AIM OF THE TASK -
Every line of the listing below is to be repeated exactly; the pictures stay out.

RECORDED INFORMATION -

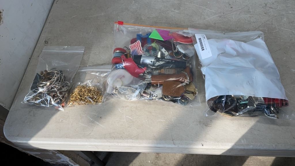 3 BAGS OF WATCHES, JEWELRY AND KEYCHAINS
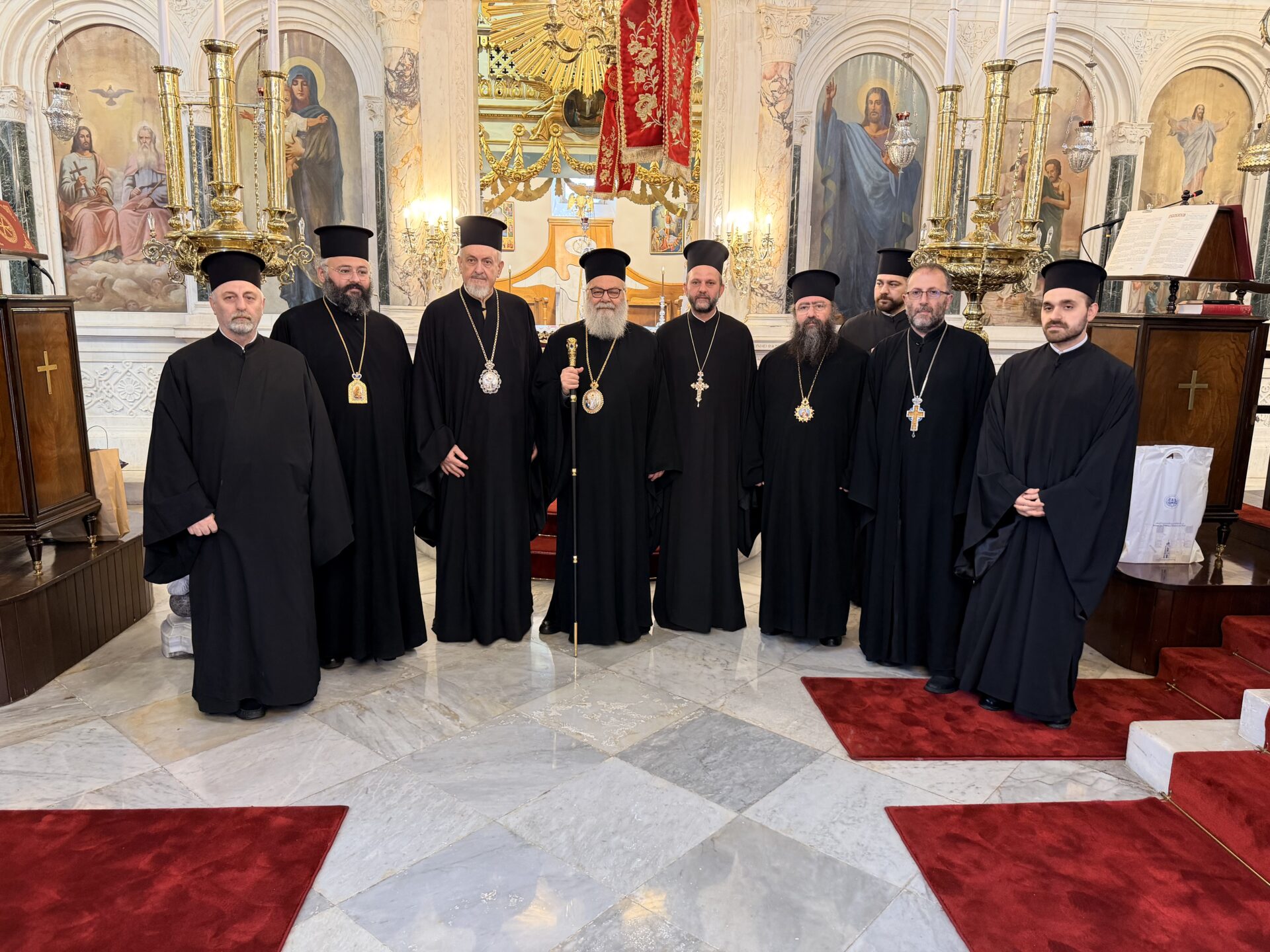 Тамо их је дочекао митрополит халкидонски Емануил, у пратњи свог протосинђела, архимандрита Евгенија Карацаса, и других сарадника. Током пријема, деца из локалне заједнице даровала су предстојатеља древне Антиохијске патријаршије пролећним цвећем.
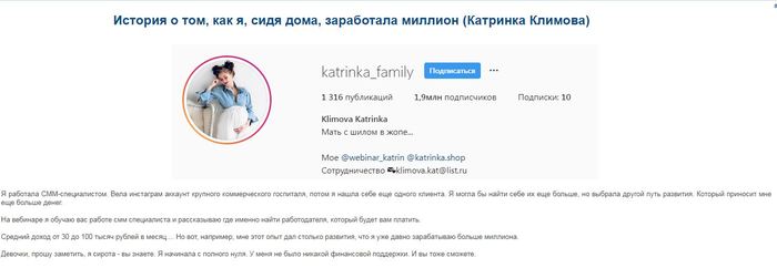 Итак, первый курс, который я решил взять называется так, чтобы цеплять любителей халявы и легкого заработка - “История о том, как я, сидя дома, заработала миллион” - автор Катринка Климова. Что хочется сказать - название интригующее, но по факту это очередной курс подготовки СММ специалистов.

EXERCISE ANSWER -
 3 BAGS OF WATCHES, JEWELRY AND KEYCHAINS
 Тамо их је дочекао митрополит халкидонски Емануил, у пратњи свог протосинђела, архимандрита Евгенија Карацаса, и других сарадника. Током пријема, деца из локалне заједнице даровала су предстојатеља древне Антиохијске патријаршије пролећним цвећем.
 Итак, первый курс, который я решил взять называется так, чтобы цеплять любителей халявы и легкого заработка - “История о том, как я, сидя дома, заработала миллион” - автор Катринка Климова. Что хочется сказать - название интригующее, но по факту это очередной курс подготовки СММ специалистов.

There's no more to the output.